Now those people are taking away your lids and particle filters and their private consultsants are spinning it as “Quality over Quantity”? Someone should be shot.
LH
Andre Vrignaud says
[I am cutting and pasting my comments previously left on the Montlake Forum, with a few edits.]
I just reviewed the updated SR-520 lid proposal. Two major issues leapt out at me in particular.
The first issue is that the updated document suggests removing a huge amount of the previously-proposed lid. Simply put, we already have a problem with the neighborhood being cut in half by the freeway, not to mention the ambient effects of the freeway itself such as noise and air pollution. It appears the vast majority of proposed improvements to the design would also work with the original, larger lid. I understand the cost saving motivation, but in my humble opinion, this is an area which should not be cut back on.
The second issue is the most important. The most natural path for a West-of-24th Montlaker to get to the light rail station will be to cross at the Hop In/Gas Station. But pedestrians must still traverse a huge amount of traffic to do so — 520 on/off ramps, gas station entrances, Hop In entrances, etc. The problem is that fully two-thirds of Montlake is WEST of 24th, including the elementary school. Put another way, there is no way for a 12 year old child or 75 year old senior to safely walk to the light rail station less than a third of a mil away. I do not think I exaggerate to say that there will be accidents and deaths with the current design.
My proposal is to build a pedestrian bridge over this section of road, similar to what has been built by Husky Stadium.
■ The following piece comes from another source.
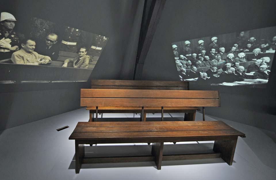 在徳国纽伦堡,纽伦堡审判新博物馆里收藏的所用的被告席

My original post may be found here, with the drawing attached.
https://groups.yahoo.com/neo/groups/montlakeforum/conversations/messages/6446
Consider:
– Redmond is building a pedestrian bridge over 520 to allow access to the Overlake Station
– The Central Greenway passage is being built, and ends right at the Hop In — meaning much more bike and pedestrian traffic will arrive at this intersection in the coming years (independent of the increased traffic that will occur due to the light rail!)
– A pedestrian bridge is being built at Husky Stadium over an intersection with very similar characteristics as ours (bikes, buses, multiple entrances/exits)
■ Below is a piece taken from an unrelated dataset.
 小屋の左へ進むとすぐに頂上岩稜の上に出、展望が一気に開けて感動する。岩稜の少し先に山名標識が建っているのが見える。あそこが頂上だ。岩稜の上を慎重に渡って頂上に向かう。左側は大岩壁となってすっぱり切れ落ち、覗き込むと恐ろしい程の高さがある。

– *Our* intersection, however, is even worse than that at Husky Stadium as it also deals with 520 on/off ramps
Between these two, if I had to select just one, I would push for the overhead pedestrian bridge. The reduced lid might be a compromise that’s required due to funding; the pedestrian bridge will save lives.
melissa clark says
We are trying to make sure we have a representative at the meeting. As residents on East Lake Washington Boulevard I am thoroughly dismayed about the prospect of a shortened lid. Noise, pollution, impact of property value, multiple reasons – a shortened lid is not a solution in my opinion to the grave impact all this has on our neighborhood. We need to find a way to gather and fulfill what was originally proposed. For the sake of our residents and future residents.